:: DIRECTIONS FOR THIS TASK ::
What lines below contain the word "Figure"? Please pull each one out.

Records contained in a dataset
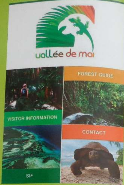
The home page of the app for the Vallée de Mai
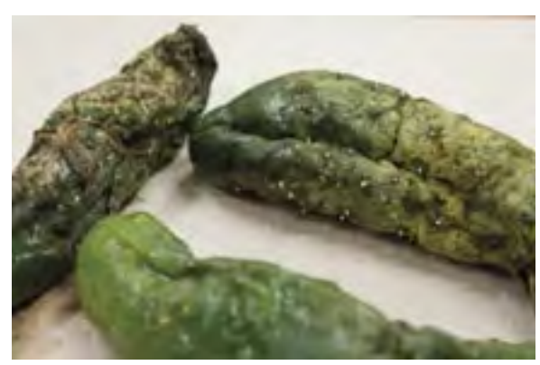
Phytophthora capsici is a complex disease that severely limits the production of many Michigan vegetables, including cucumbers.

Meanwhile, growers and researchers kept asking why the disease appeared to be in fields that had never hosted any vegetable crop previously. Then with the help of MSU Extension educators, including Norm Myers and Jim Breinling, and growers, Hausbeck and her students went "fishing" for Phytophthora by using baits and traps in surface water that was used for irrigation.
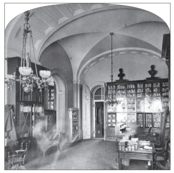
View of S-221, ca.1860
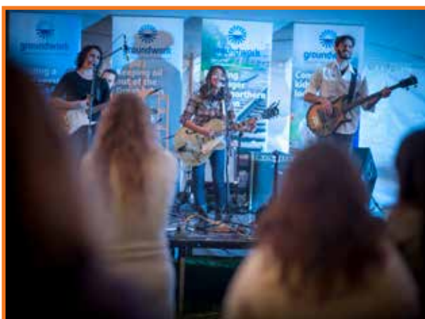
The Crane Wives brought down the house (or tent) with a great set after the Harvest feast.
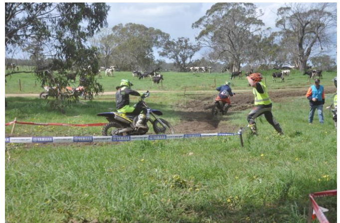
Cheering on mates as the cows ignore us all
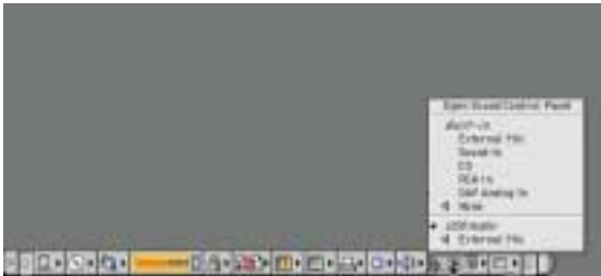
Figure 2-1. Selecting USB audio.

Click on the microphone icon on the control strip. In the pop-up menu, click on USB Audio .
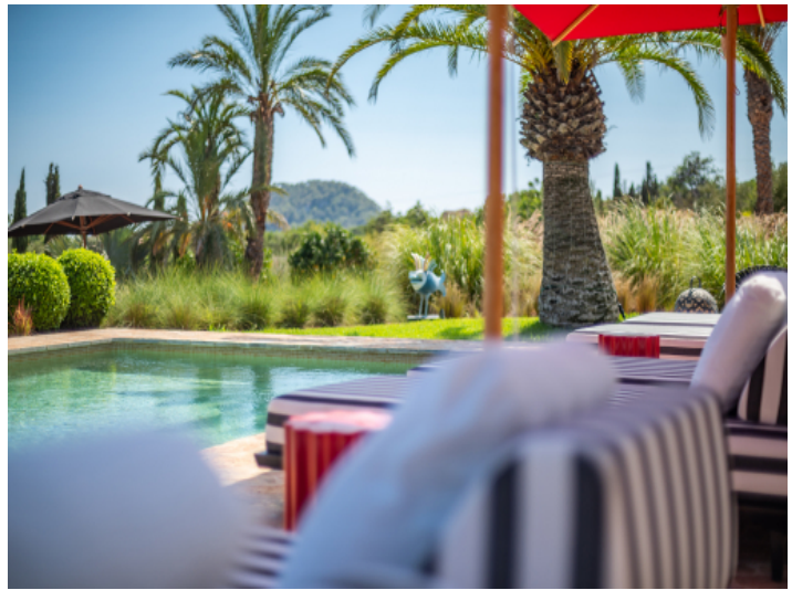
Idyllic pool area
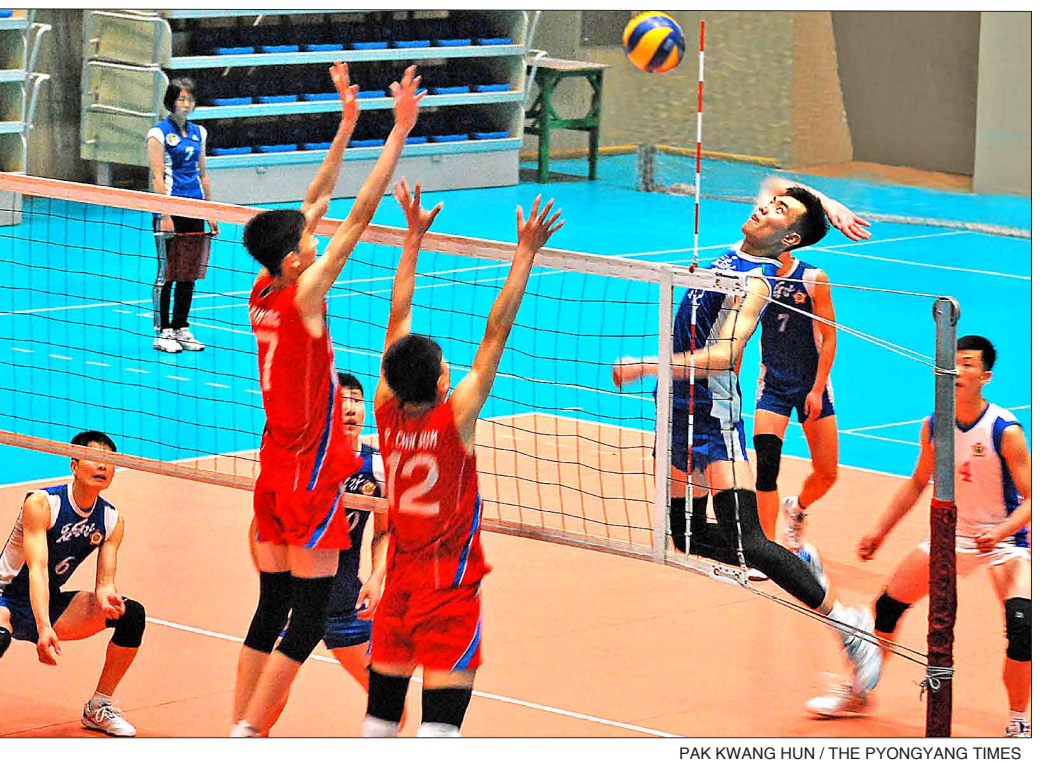
A scene from the match between April 25 and Amnokgang in the senior first-division volleyball competition.
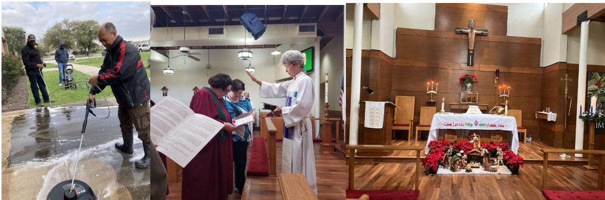
Men at work caring for grounds / Installation of DOK members / Altar at Christmas

We foster spiritual growth through groups such as the Order of the Daughters of the King, Brotherhood of St Andrew (inactive), Men's Group, Episcopal Church Women (ECW), and weekly Bible studies. Our activities also include an Annual Thanksgiving Bazaar, Special First Sunday of the Month Thanksgiving services, and an Annual Fundraising Dinner.
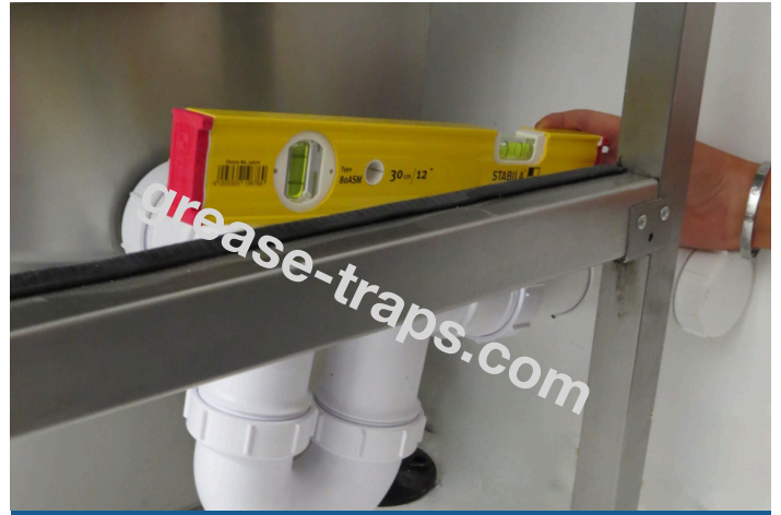
Plumb Outlet, Ensuring Gravity Fall On Trap
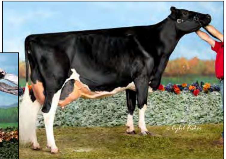
PIERSTEIN DAMION LINDSAY-ET EX-94 EEEEE DAM OF LOT 45
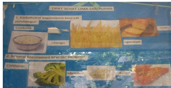
Figure 2. Student-produced poster of nutritious food (Sundanese) – Four Healthy Five Perfect Food (The 4 healthy food are carbohydrates (usually represented by rice), protein (usually represented by meat or fish), vegetables (usually represented by green vegetables), and fruits. The 5th “food”, which makes the nutrition program “perfect” is milk.
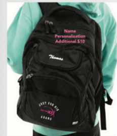
BACKPACK JFK3003 $50.00
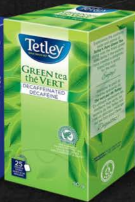
TETLEY TEA ENV DECAF GREEN 25 CT 15TE130
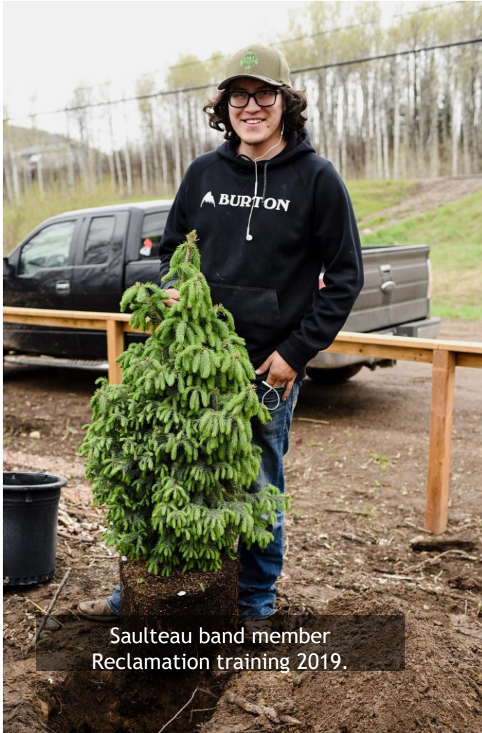
Saulteau band member Reclamation training 2019.
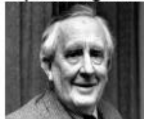
J.R.R. Tolkien (1892 – 1973)

The famous author of Lord of the Rings and The Hobbit was a language lover, and is known for including several amazingly-detailed made-up languages in his books.

:: SOLUTION ::
Figure 2-1. Selecting USB audio.
Figure 2. Student-produced poster of nutritious food (Sundanese) – Four Healthy Five Perfect Food (The 4 healthy food are carbohydrates (usually represented by rice), protein (usually represented by meat or fish), vegetables (usually represented by green vegetables), and fruits. The 5th “food”, which makes the nutrition program “perfect” is milk.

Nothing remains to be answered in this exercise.